Action item => Starting at the first line of the data, please print exactly those lines through the one that holds "Glaciar Qori Kalis, Peru.", omitting every picture.
*** Dataset extract ***
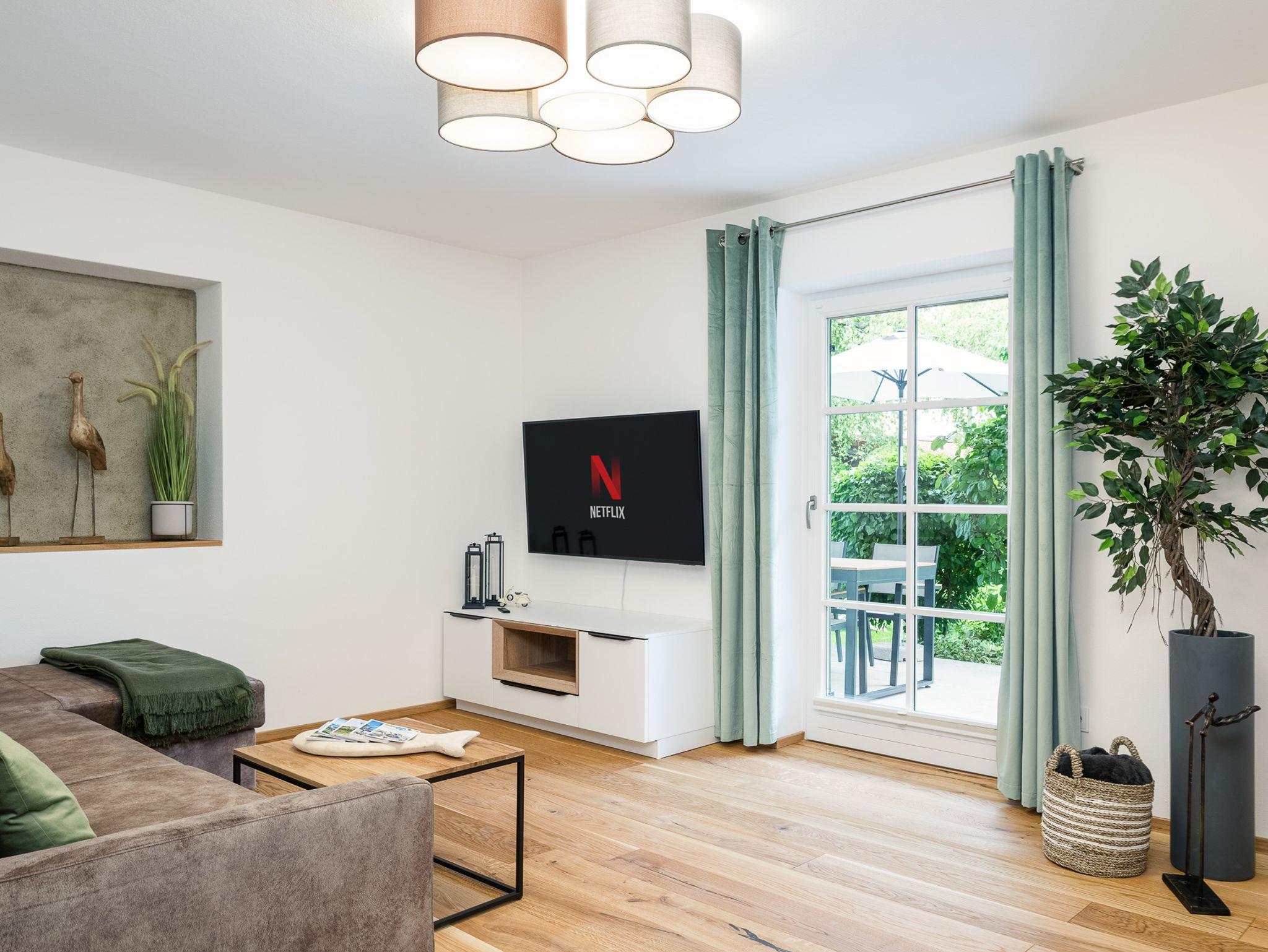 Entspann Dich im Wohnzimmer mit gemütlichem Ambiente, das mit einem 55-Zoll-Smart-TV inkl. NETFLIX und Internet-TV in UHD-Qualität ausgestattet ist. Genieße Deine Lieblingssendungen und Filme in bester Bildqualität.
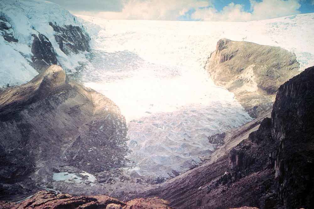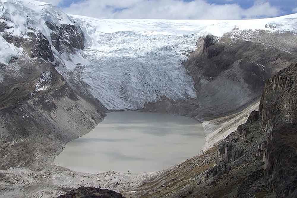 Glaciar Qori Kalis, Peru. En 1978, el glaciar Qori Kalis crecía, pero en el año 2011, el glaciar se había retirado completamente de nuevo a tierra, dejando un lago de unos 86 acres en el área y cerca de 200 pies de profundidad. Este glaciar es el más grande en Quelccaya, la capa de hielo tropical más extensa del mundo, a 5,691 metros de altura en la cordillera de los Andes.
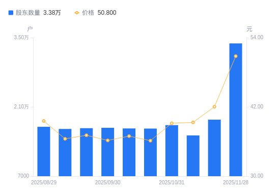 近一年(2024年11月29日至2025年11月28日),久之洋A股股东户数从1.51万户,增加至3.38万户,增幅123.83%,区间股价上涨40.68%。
***
Solution =>
 Entspann Dich im Wohnzimmer mit gemütlichem Ambiente, das mit einem 55-Zoll-Smart-TV inkl. NETFLIX und Internet-TV in UHD-Qualität ausgestattet ist. Genieße Deine Lieblingssendungen und Filme in bester Bildqualität.
 Glaciar Qori Kalis, Peru. En 1978, el glaciar Qori Kalis crecía, pero en el año 2011, el glaciar se había retirado completamente de nuevo a tierra, dejando un lago de unos 86 acres en el área y cerca de 200 pies de profundidad. Este glaciar es el más grande en Quelccaya, la capa de hielo tropical más extensa del mundo, a 5,691 metros de altura en la cordillera de los Andes.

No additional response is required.